Business
Ford stuck in Europe as North America drives profits
Ford reported a surge in profits Friday as a strong performance by the US automaker's once-troubled North American unit and a massive one-time tax gain offset losses in Europe and Asia.

Investors were disappointed, however, that profit margins came in lower than expected, and Ford shares were down four per cent at $12.28 in afternoon trade.
"Europe is to be expected. Ford should not be lagging in the hot markets in Asia," wrote 24/7 Wall Street analyst Douglas McIntyre.
Fourth quarter earnings jumped to $13.6 billion from 200 million a year earlier, fueled by a $12.4 billion tax gain and $401 million from the sale of Ford's Russian operations to the newly created FordSollers joint venture.
Ford called the tax adjustment "a significant milestone in our restructuring, underscoring the steady and sustained progress in our turnaround, and said it was "a strong vote of confidence in our future results."
It helped push net income for the year to $20.2 billion, compared with $6.6 billion in 2010 and $2.7 billion in 2009.
The results represent a remarkable recovery for Ford, the only major US automaker that did not seek a government bailout during the 2008-2009 financial crisis.
"2011 marked a milestone year in our work to strengthen our balance sheet," said chief financial officer Lewis Booth.

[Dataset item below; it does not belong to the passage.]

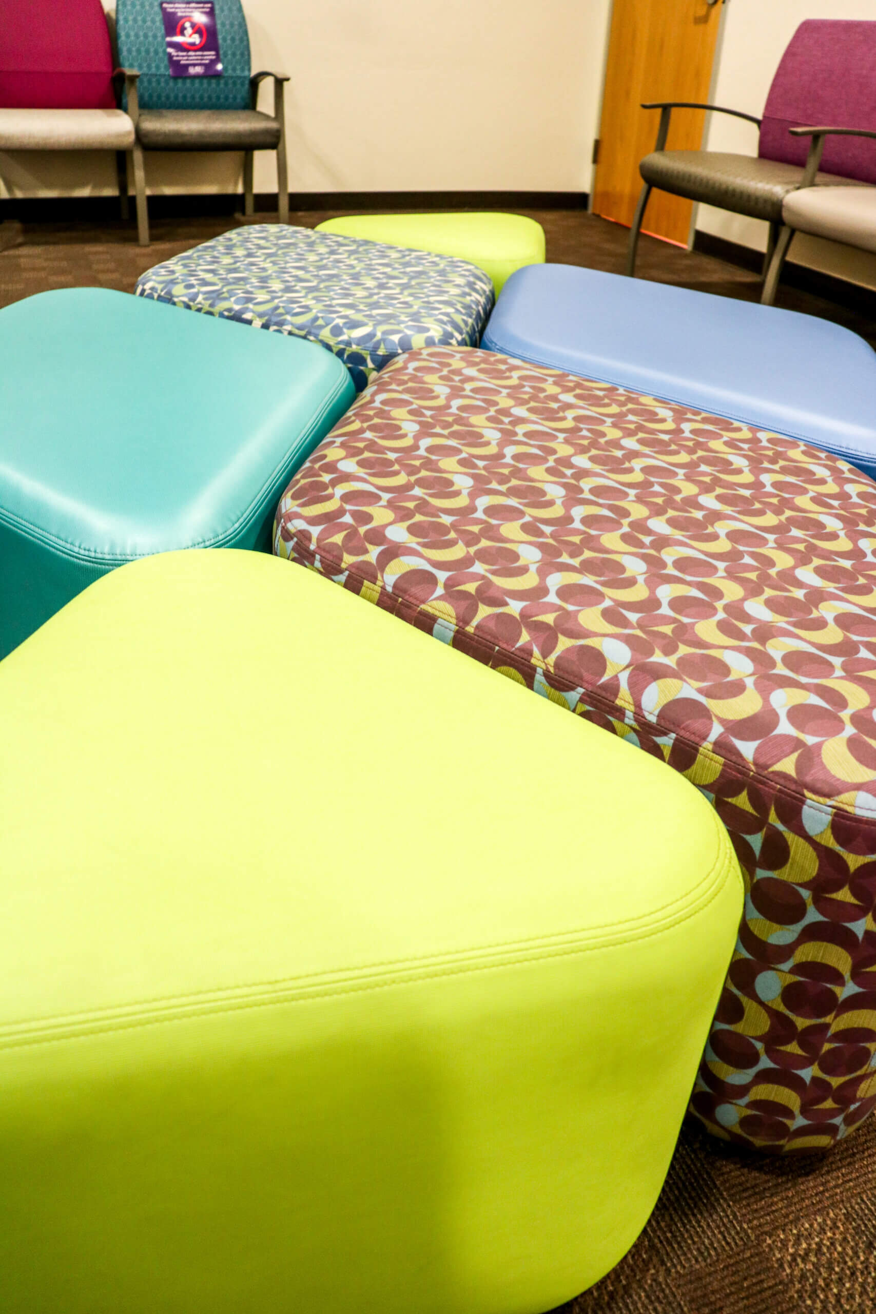 The goal of this project was to modernize the existing clinic so that patient-facing spaces were in-tune with the latest trends in healthcare. National Office Furniture Weli tandem seating, ERG International Raven modular seating, and the Ideon Nano modular lounge can be found throughout the various waiting spaces.

"We increased automotive cash, reduced debt and improved liquidity, clearing the way for us to resume paying a quarterly dividend."

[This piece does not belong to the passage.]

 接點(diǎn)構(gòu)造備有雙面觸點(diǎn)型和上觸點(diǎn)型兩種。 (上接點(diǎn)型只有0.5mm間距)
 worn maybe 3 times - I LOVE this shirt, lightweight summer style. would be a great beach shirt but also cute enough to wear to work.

Yet adjusted earnings per share of $1.66 for the full year were well below market expectations of $1.84.
While challenges in Europe are expected to continue to drag on results this year, Ford forecast that its profits will nonetheless grow as it reaps the rewards of intensive restructuring and rising demand in the United States.
"For 2012 we expect to continue improving our business, delivering solid and strong automotive operating-related cash flow while working to strengthen operations in Europe and South America and continue to grow," Ford president and chief executive Alan Mulally said.

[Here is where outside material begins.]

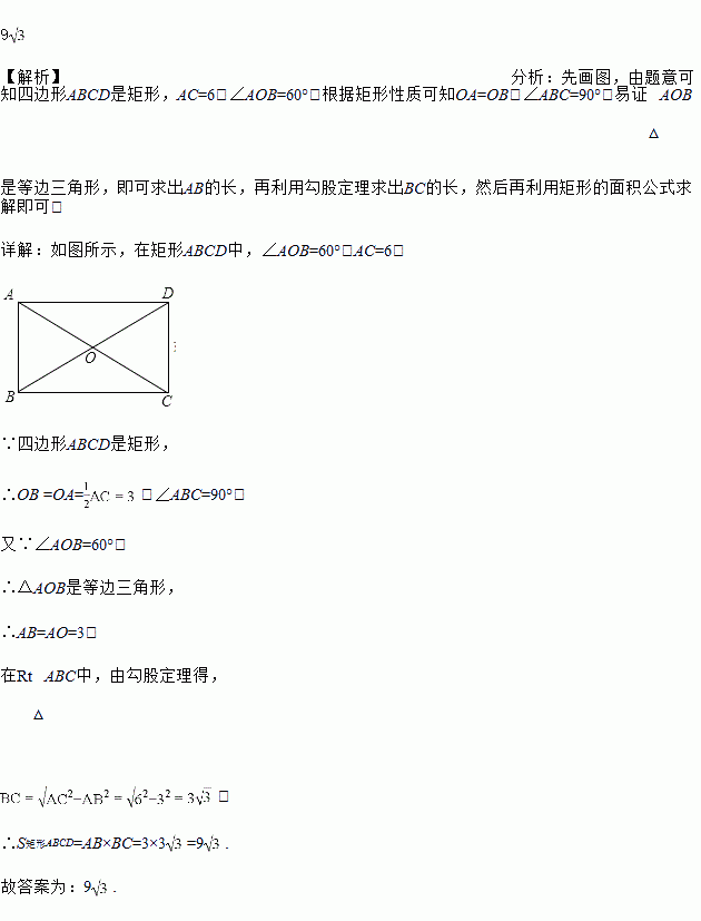 已知矩形的两条对角线的夹角为60°,如果一条对角线长为6,那么矩形的面积为___________.

Ford is also on track to meet its goal of expanding global sales to eight million vehicles and boosting profit margins to 8-10 per cent by 2015, Mulally said in a conference call.
North America will be the engine of Ford's growth, he said, as millions of consumers who put off buying a new car during the downturn are driven back into showrooms by their ageing vehicles.
"With the average age of the vehicles getting close to 11 years, consumers really want to obtain the value and fuel efficiency of new vehicles," Mulally said.
It also has the company's widest product portfolio, which supports Ford's plan to slash costs by consolidating its vehicle platforms.
Ford declined to forecast when the European unit -- which reported a pre-tax operating loss of $27 million last year compared with a $182 million gain in 2010 -- will return to profitability.
The ongoing debt crisis and austerity measures are weighing on consumer confidence and a "tremendous amount of excess capacity" among European automakers has led to a run-up in incentive costs, Booth said.
Ford nonetheless managed to increase transaction prices on vehicles despite the discounts and, unlike its competitors, has restructured its European operations to the point where plants there are operating at 93 per cent capacity.
"I think we'll be in very competitive shape going forward," Mulally said.
Ford's Asian unit -- which posted a pre-tax operating loss of $92 million compared with a profit of $189 million in 2010 largely due to the impact of flooding in Thailand -- is expected to be profitable again this year, he said.
South America is expected to be "strongly profitable" in 2012, "although perhaps less than" in 2011, Mulally said, noting that the Brazilian market is quite competitive.
The unit saw 2011 pre-tax operating profits slipped to $861 million from $1 billion a year ago.